Female

I was powerless to an embarrassing type of sex addiction most women haven’t even heard of – and many husbands don’t consider cheating at all…

It always started the same way.

Roland Cochrun would be walking down the street and see that familiar rectangular sign hanging over a door, then a narrow staircase leading upstairs.

‘Massage’ in red and blue LED lights. It would always catch his eye, whether it cut through the darkness of an evening or simply hummed in the daylight.

He would see it then continue walking, his head down, fighting the urge to stop.

Sometimes he would succeed for a brief moment only to U-turn, dart back into the doorway with his head down and race up two stairs at a time.

It was the same story every time. Roland, successful and in a committed relationship, was hooked on the dopamine rush of visiting these seedy massage parlours.
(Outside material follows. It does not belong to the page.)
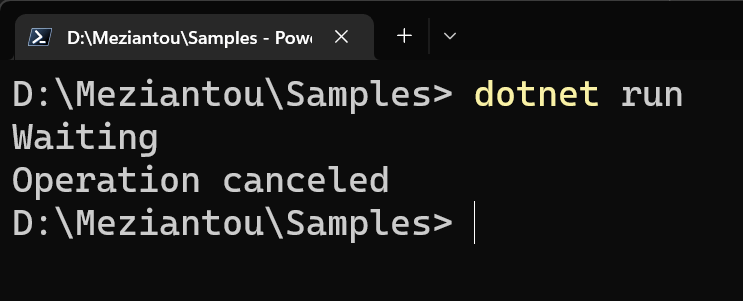 You sometimes need to detect when a console application is closing to perform some cleanup. Console.CancelKeyPress allows registering a callback when a user press Ctrl+C or Ctrl+Break. This event can prevent the application from closing, so you can take a few seconds to perform the cleanup before actually terminating the application. The idea of this post is to use Console.CancelKeyPress to create a CancellationToken that can be used to cancel current asynchronous operations.
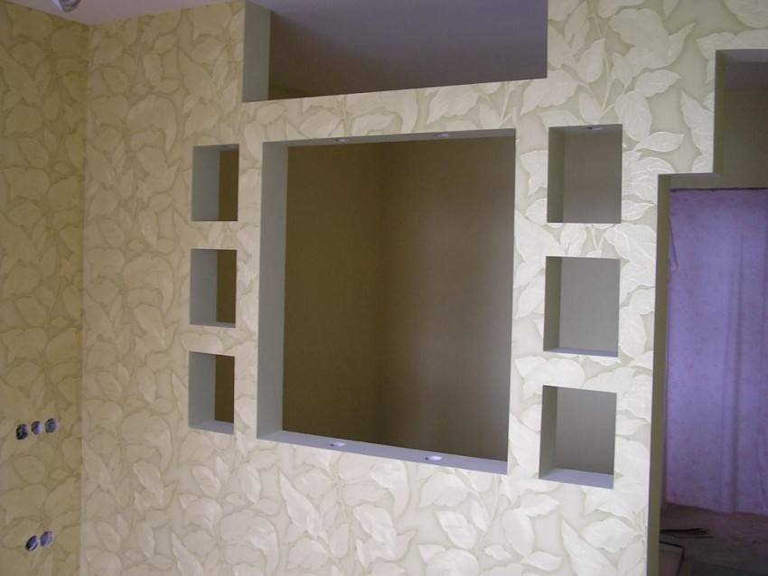 Достоинства: прочность, устойчивость, гибкость (можно сделать полукруг или пустить волну). В фальш-стену можно вмонтировать проводку, коммуникации.

The women who would give him ‘happy endings’ weren’t particularly attractive, yet he had become addicted to going to these venues which can be found in almost every major city and suburb. You can sometimes find several on the same street.

He would walk in, feeling the dopamine rush through his body, and ask for a massage – always maintaining the pretense at first that that was all he was after.

From 2012 to 2022, Roland became addicted to the ritual of visiting massage parlours

Then he would get in the small, dimly lit room, and hear those words that always confirmed he’d picked the right place. Have you been here before?

He’d pay the tip – usually $80 – lay face down on the massage table and think to myself: For God’s sake, I’ve done it again. What is wrong with me?

Between 2012 and 2022 Roland, now 36, visited 19 massage parlours, had two one-night stands and engaged in sexual chat with strangers online – as a married man.

He has variously been described as a ‘cheater’ and a ‘sex addict’. But for Roland, it wasn’t about sex. In fact, by his own admission, he has low libido. 

Instead he craved that feeling of being ‘seen’, of combining sex with an element of surprise and uncertainty, and the desire to put himself in situations with the potential for sexual tension.

That’s why massage parlours excited him. He could just get a massage, sure, but if something else were on the table, who knows what could happen? For the same reasons, he never visited an actual brothel because he ‘knew what would happen there’ which was ‘boring’ to him.

Roland’s obsession with these venues – sometimes crudely known as ‘rub-and-tug joints’ – may come as a surprise to those unfamiliar with what really goes behind closed doors at some Asian massage centres.

But he’s far from the only married man ducking into these parlours on the sly, using the excuse it’s ‘just a massage’ or ‘it’s never full sex’ to justify his infidelity…

Roland believes his strict Mormon upbringing contributed to his sexual issues later in life

Roland believes his strict Mormon upbringing contributed to his sexual issues later in life

A STRICT UPBRINGING 

Roland’s story traces back to his childhood when he was always under pressure to be ‘perfect’ and felt ‘controlled’ in every aspect of his life.

From the age of 10 he had a distorted view on relationships and intimacy, claiming he was a ‘full-blown sex addict’ even when he was still a virgin.

He grew up in a Mormon household in Portland, Oregon, went to church every Sunday and was constantly compared to other kids. His family was determined to have a say in every aspect of his life, from whom he would marry to where he would go to university.

‘And I didn’t want that life,’ he says.

Roland started to rebel. It began with wearing baggy clothes, dyeing his hair blonde and getting his ear pierced. But his behaviour escalated and a terrible error of judgement at the age of 14 saw him arrested for indecent exposure in public.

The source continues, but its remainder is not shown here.